• **WORK TO BE COMPLETED**
Using the data that follows, output only the lines from the line with "X 210mm(H) 11" up to and including the line with "Pièce à vivre", exactly, leaving pictures aside.

• **RECORDS FOR THE TASK**
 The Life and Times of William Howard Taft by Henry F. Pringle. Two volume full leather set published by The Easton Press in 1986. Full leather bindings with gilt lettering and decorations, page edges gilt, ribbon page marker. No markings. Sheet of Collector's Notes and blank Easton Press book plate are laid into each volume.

---

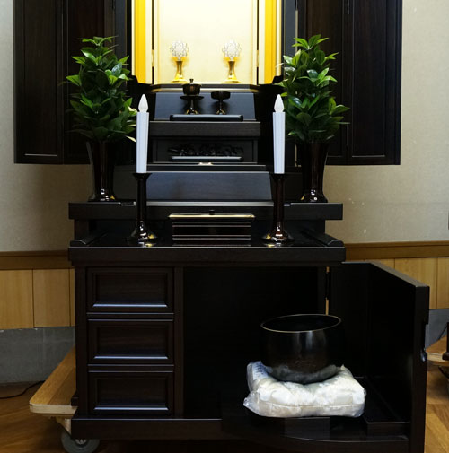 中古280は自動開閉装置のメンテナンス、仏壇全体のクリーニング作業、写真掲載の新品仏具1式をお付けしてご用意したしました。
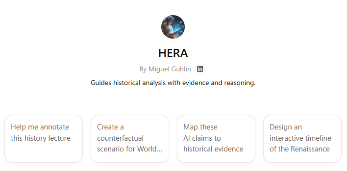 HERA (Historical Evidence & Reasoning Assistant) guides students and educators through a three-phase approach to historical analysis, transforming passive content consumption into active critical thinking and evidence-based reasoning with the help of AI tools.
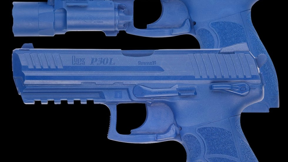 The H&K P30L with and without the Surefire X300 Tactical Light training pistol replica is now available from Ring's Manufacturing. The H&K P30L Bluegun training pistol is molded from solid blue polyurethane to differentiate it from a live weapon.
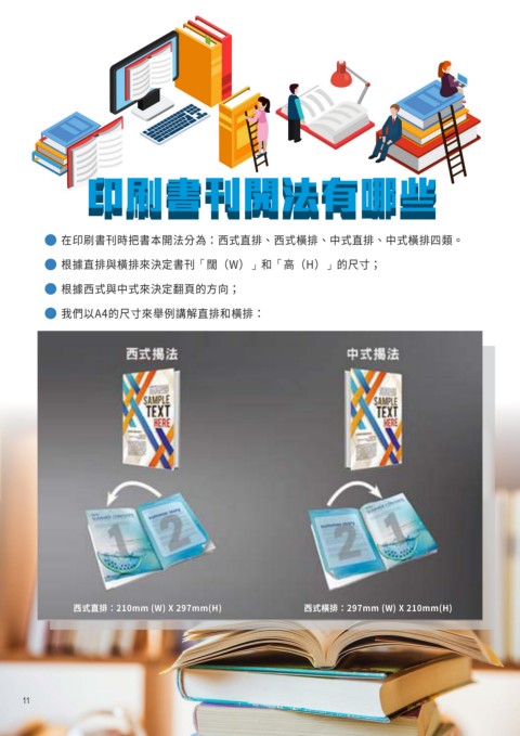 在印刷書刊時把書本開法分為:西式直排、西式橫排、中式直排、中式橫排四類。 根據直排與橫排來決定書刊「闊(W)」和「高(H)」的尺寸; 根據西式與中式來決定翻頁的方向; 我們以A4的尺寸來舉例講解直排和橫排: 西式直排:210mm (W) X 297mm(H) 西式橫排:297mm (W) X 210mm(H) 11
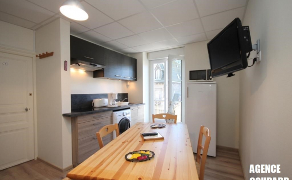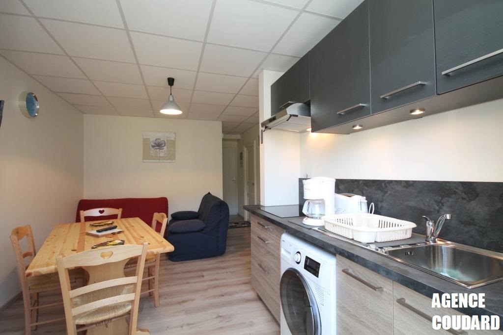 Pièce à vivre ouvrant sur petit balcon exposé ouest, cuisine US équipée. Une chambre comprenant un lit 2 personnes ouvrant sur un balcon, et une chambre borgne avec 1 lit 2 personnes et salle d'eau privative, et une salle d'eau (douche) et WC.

• **RESULT OF THIS TASK**
 在印刷書刊時把書本開法分為:西式直排、西式橫排、中式直排、中式橫排四類。 根據直排與橫排來決定書刊「闊(W)」和「高(H)」的尺寸; 根據西式與中式來決定翻頁的方向; 我們以A4的尺寸來舉例講解直排和橫排: 西式直排:210mm (W) X 297mm(H) 西式橫排:297mm (W) X 210mm(H) 11
 Pièce à vivre ouvrant sur petit balcon exposé ouest, cuisine US équipée. Une chambre comprenant un lit 2 personnes ouvrant sur un balcon, et une chambre borgne avec 1 lit 2 personnes et salle d'eau privative, et une salle d'eau (douche) et WC.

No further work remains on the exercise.